For the rest of us, however, politics–I speak, BTW, as an ex-activist and -propagandist for several leftish and environmentalist causes–is about getting out of the house and boozing and fornicating with wild and wicked people with whom we pretend to share some noble interest.
For this reason, when I came to Barcelona I immediately attempted to get some kind of political life for myself. Given my views on the Iraq war, I was considered persona non grata by all parties but the PP. I did my best with the female branch of the Aznar fanclub, but, to be blunt, my bicycle isn’t a 4×4.

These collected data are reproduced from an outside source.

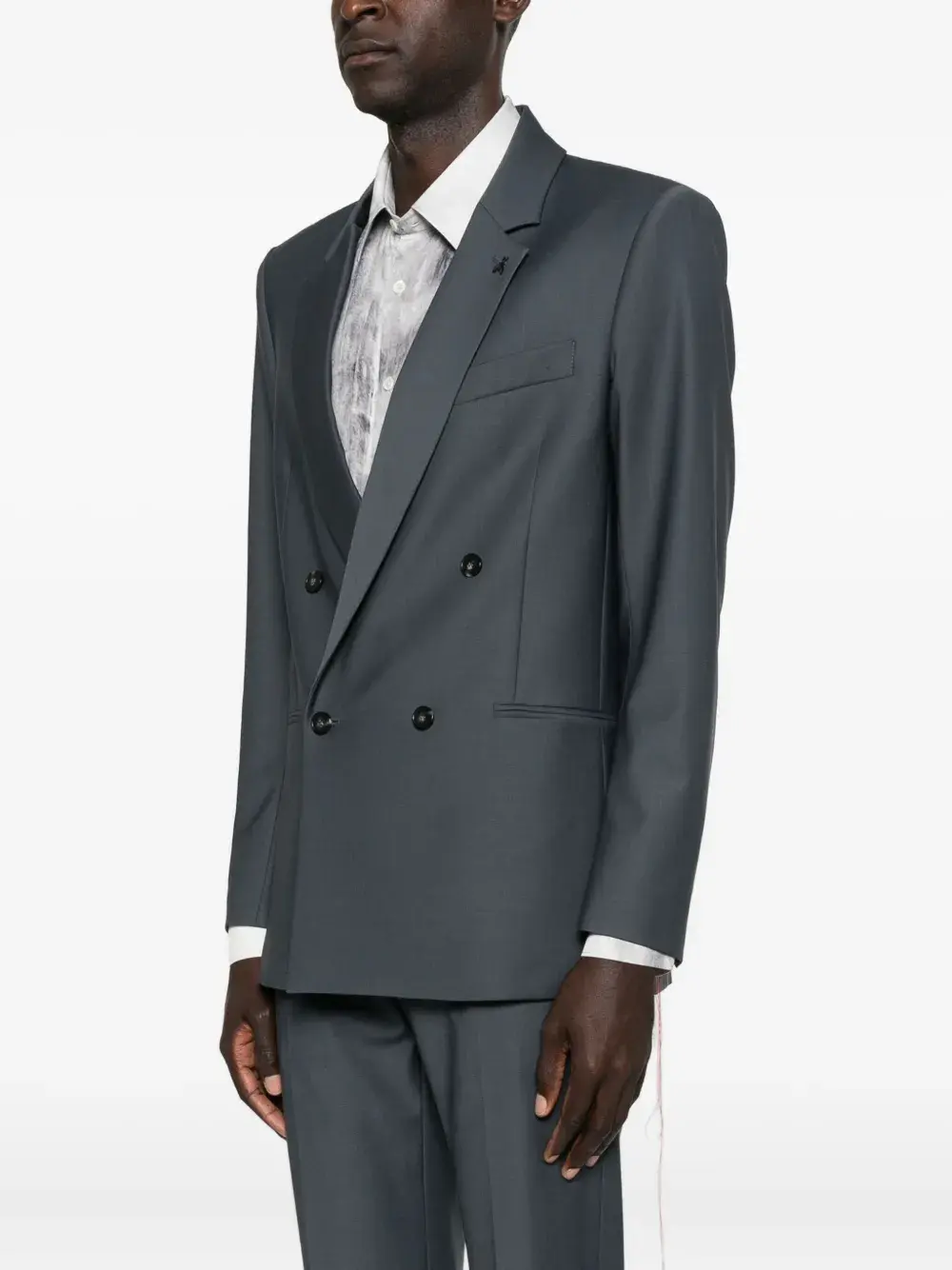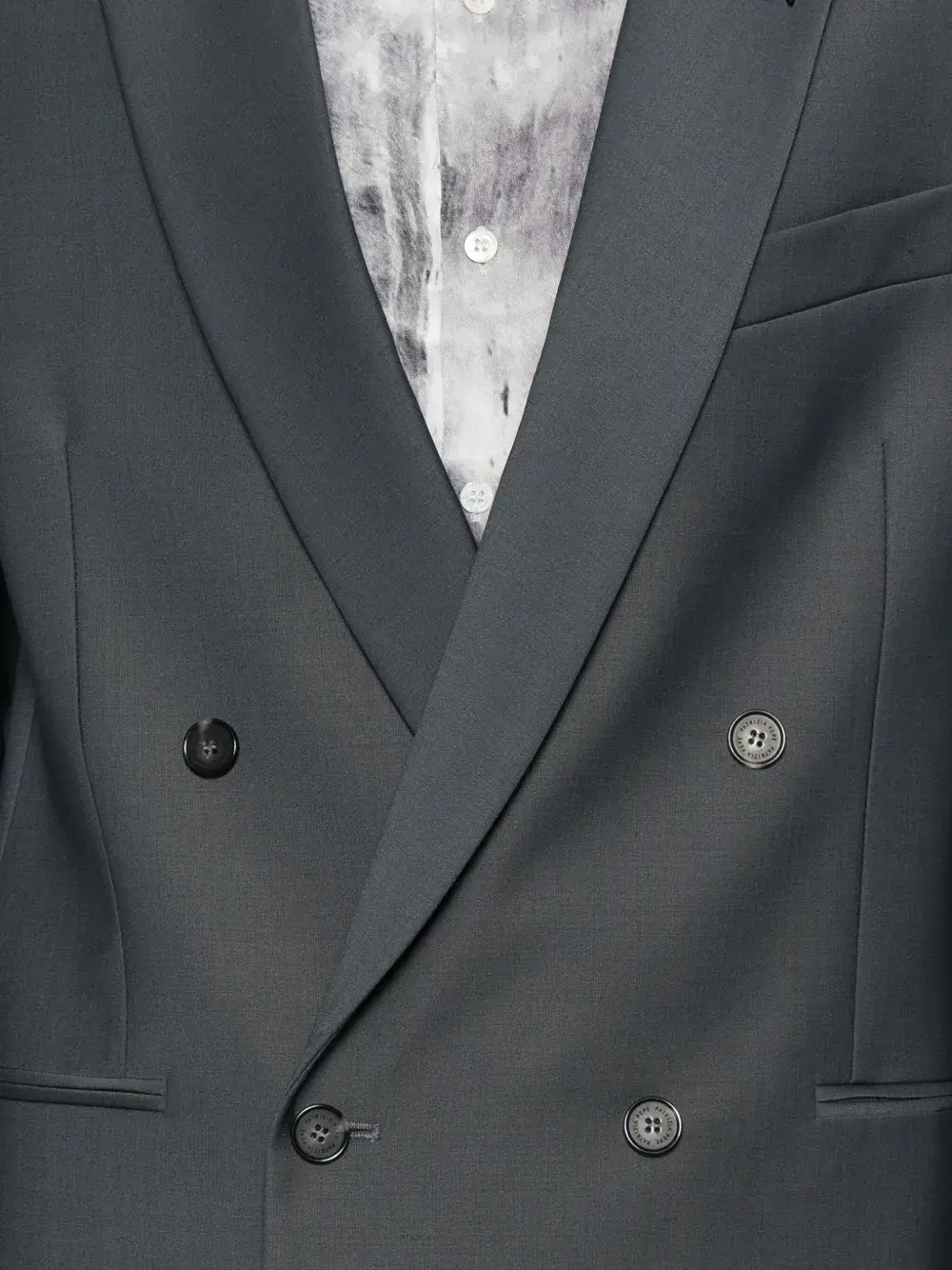 Серый двубортная застежка на пуговицы манжеты на пуговицах два передних прорезных кармана нагрудный прорезной карман
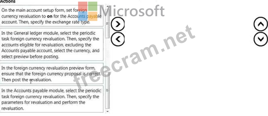 You need to set up Dynamics 365 for Finance and Operations to perform foreign currency revaluation, In which order should you perform the actions? To answer, move all actions from the list of actions to the answer area and arrange them in the correct order.
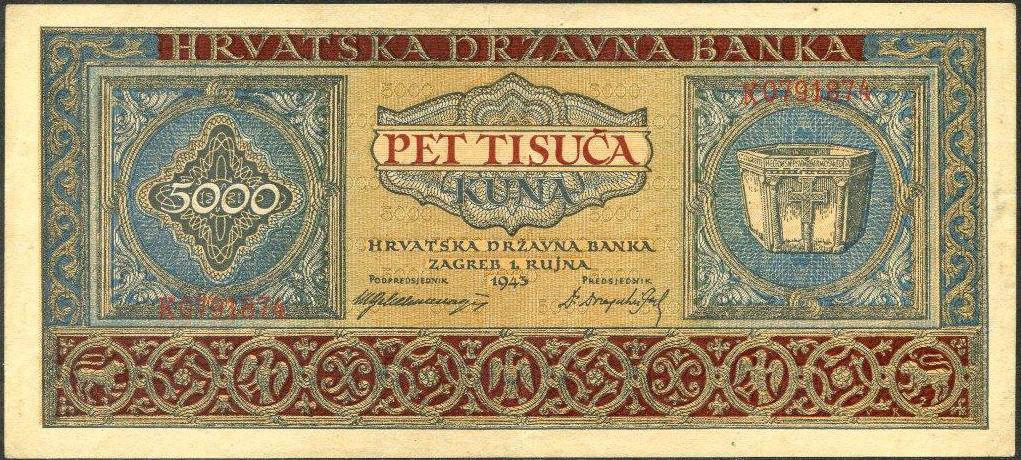 ![]() P.14 5,000 Kuna 15.7.1943 |
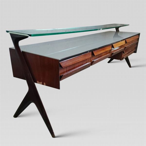 73x200x51 cm.wooden sideboard, back-painted glass and transparent glass
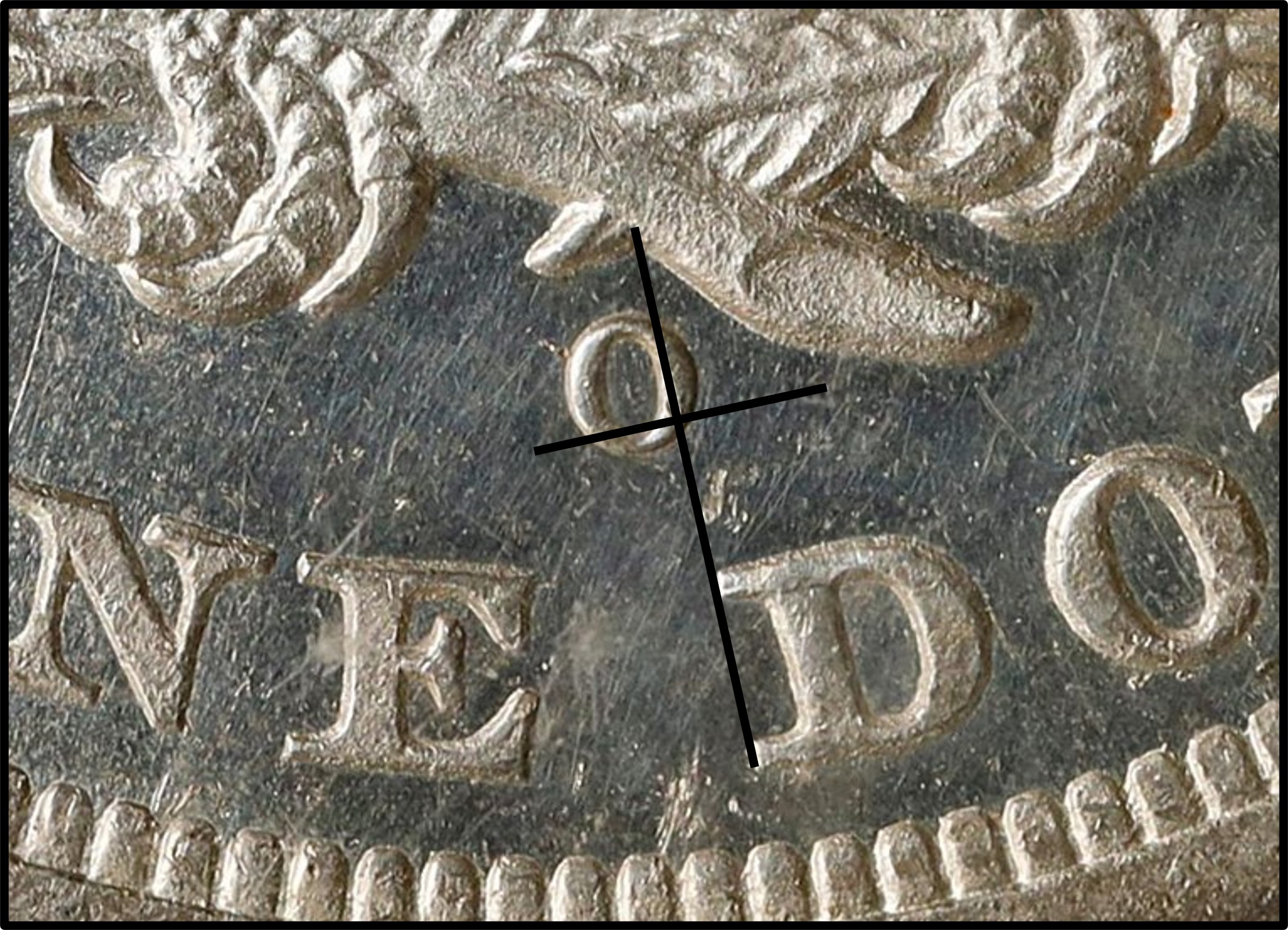 One additional marker that can aid with attribution is a tiny die line within the left claws, shown in the following photo.

It was thus with great anticipation that I read denunciations in the nationalist-socialist press of new party, Ciutadans de Catalunya, as a bunch of intellectuals (makes for interesting Googling, BTW). I honestly thought that within a couple of weeks of joining I’d be snogging a girl with funny hair, Finnish glasses and a few poorly-memorised Baudrillard quotes to add some air of decency to the proceedings.
The party presentation today was a bitter disappointment: they all look terribly normal; so terribly normal, in fact, that I’m worried that there may be rather a lot more of them out there.